Buena táctica para desarmarnos; la que cabe esperar de alguien con experiencia política, o de un burócrata de alto rango. Pero su sonrisa era amplia y amistosa. Se acercó y nos tendió la mano regordeta. Al estrecharla, observé su aspecto más cíe cerca: unos treinta y cinco años, y algo excedida de peso. Tal vez esta incómoda situación no fuese por su culpa. Reprimí mi enojo y musité un saludo convencional.

Nos indicó que tomáramos asiento.

—Soy Anna Lisa Griss —prosiguió—. Directora de programas del Departamento de Alimentos. Bienvenidos a la Sede General. Dentro de unos minutos estarán con nosotros los demás miembros, pero ante todo quisiera indicaros la necesidad de mantener la mayor reserva. Lo que oigáis aquí no podrá ser comentado con nadie fuera de esta sala sin mi permiso. Bueno, vayamos al grano sin más preámbulos.

Daba la impresión de un control absoluto. Mientras hablaba, se atenuaron las luces y al otro lado de la sala apareció una imagen en la pantalla.

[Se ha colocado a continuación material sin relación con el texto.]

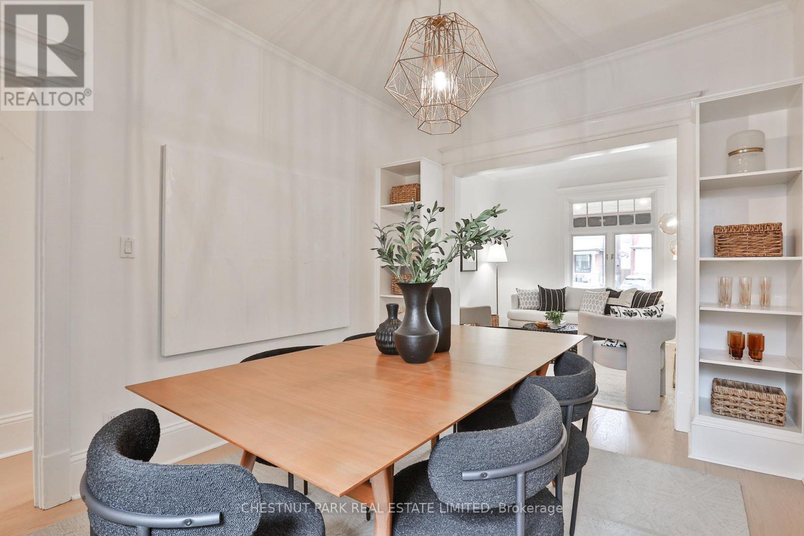 Welcome to 560 Gladstone Ave - a renovated family home where classic Victorian charm meets modern upgrades! Located on a quiet one-way, tree-lined street in the heart of Toronto's west end. From the large covered cedar porch to the spacious interior and lush perennial rear garden, this home perfectly blends comfort, character & convenience! The bright main floor features newer engineered hardwood flooring and a separate entrance vestibule which leads to a charming living room with a functioning wood-burning fireplace and large windows overlooking the generous front porch. Host your family and friends in the formal dining room, spacious enough for a large dining table. The renovated eat-in kitchen features stunning quartz countertops, ample custom cabinetry, a moveable butcher block island and newer stainless steel appliances, including a wine fridge! Separate sun-filled breakfast room with walk-out to rear deck & deep landscaped rear garden with garden shed. The primary bedroom retreat features excellent closet space with custom wall-to-wall closets & a built-in window bench with more storage. Two additional well-proportioned bedrooms with windows overlooking the rear garden. The renovated family bathroom features a large glass-enclosed shower with rain head & bench, plus a built-in vanity. Separate 2nd floor linen closet. The lower level offers a versatile space perfect as a recreation room and/or office, playroom or bedrm. Stunning 4-piece bathroom with bathtub & heated flooring. Stacking washer & dryer and additional storage closet. Lower level walk-out to rear garden. Enjoy an unbeatable location just steps to the Dufferin subway station and the desirable shops and restaurants on Bloor & nearby Geary Street strip. An exceptional family-friendly location minutes to the Gladstone Public Library, Dufferin Mall, newly built Bloor Collegiate High School, Dovercourt Park and the brand new Wallace-Emerson Community Centre & pool. A rare offering not to be missed! (id:64974)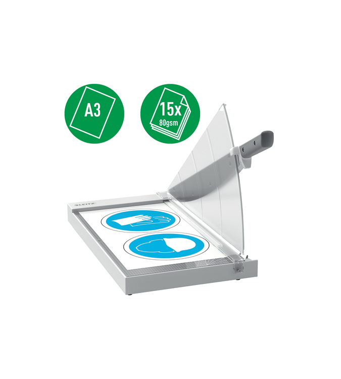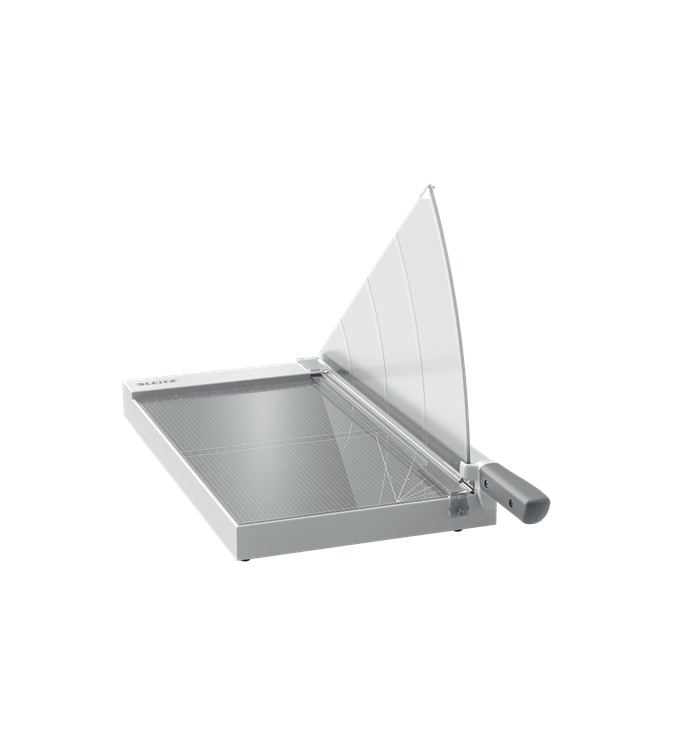 La guillotina de papel Leitz Precision Office A3 es perfecta para el uso general en la oficina para cortar papel, etiquetas, películas, fotos, hojas plastificadas, tarjetas y cartón de montaje. Esta potente y robusta cortadora de papel de oficina cortará sin esfuerzo hasta 15 hojas de papel A3 (80grs) con velocidad y precisión. Cuenta con la exclusiva tecnología de luz EdgeGlow que ilumina el filo de corte para una mayor visibilidad y máxima precisión. La abrazadera de papel manual y transparente mantiene el papel seguro, mientras que el mango ergonómico garantiza un corte cómodo y fácil. Es rápido y fácil alinear el papel con las sencillas directrices en la superficie de trabajo lisa y de cristal. El seguro de la hoja de corte ofrece una protección total y el pestillo de seguridad mantiene la hoja de corte bloqueada mientras no se utiliza. Con una cuchilla de acero inoxidable de alta calidad, una superficie de trabajo resistente y una garantía ampliada de 5 años, tendrás la tranquilidad de que esta guillotina A3 te proporcionará un corte preciso durante muchos años.

Mostraba una columna de años calendario, y a su lado dos columnas de cifras.

—Reservas totales de alimentos del Sistema, actuales y proyectadas —anunció Griss—. Mirad la tendencia, es una escala logarítmica, y luego observad con atención el comportamiento previsto para los treinta próximos años.

Todavía trataba de asimilar los primeros números cuando McAndrew se llevó la mano al rostro.

—Ridículo —comentó—. Muestra una disminución con factor de dos en menos de tres décadas. ¿En qué se basa semejante proyección?

Si se sorprendió ante la rapidez de la respuesta, no lo demostró.

—Hemos incluido patrones de población, superficies disponibles, rendimientos agrícolas y capacidad de producción sintética. ¿Queréis conocer detalles?

McAndrew movió la cabeza.

—Los detalles no interesan. Lo que se ve en la pantalla es hambre y desastre.

—Así es. Por eso estáis aquí. —La mujer reguló las luces para crear un tenue efecto de complicidad, y habló en el mismo tono—. Ya podéis imaginaros la repercusión que esto tendrá cuando sea de dominio público, sobre todo si a nadie se le ocurre una salida. Aunque los datos no se refieren a un futuro inmediato, se prevé que haya acaparamientos, y hasta guerras de alimentos.

Sentí que me invadía la indignación. Desde hacía tiempo se venían oyendo rumores de que en el futuro podría haber una importante escasez de alimentos en el Sistema. Y una y otra vez la Administración lo había negado, calificando de alarmistas los tétricos pronósticos.

—Si las proyecciones son correctas, no se podrán mantener en secreto —dijo—. La gente tiene derecho a estar informada para poder hallar soluciones.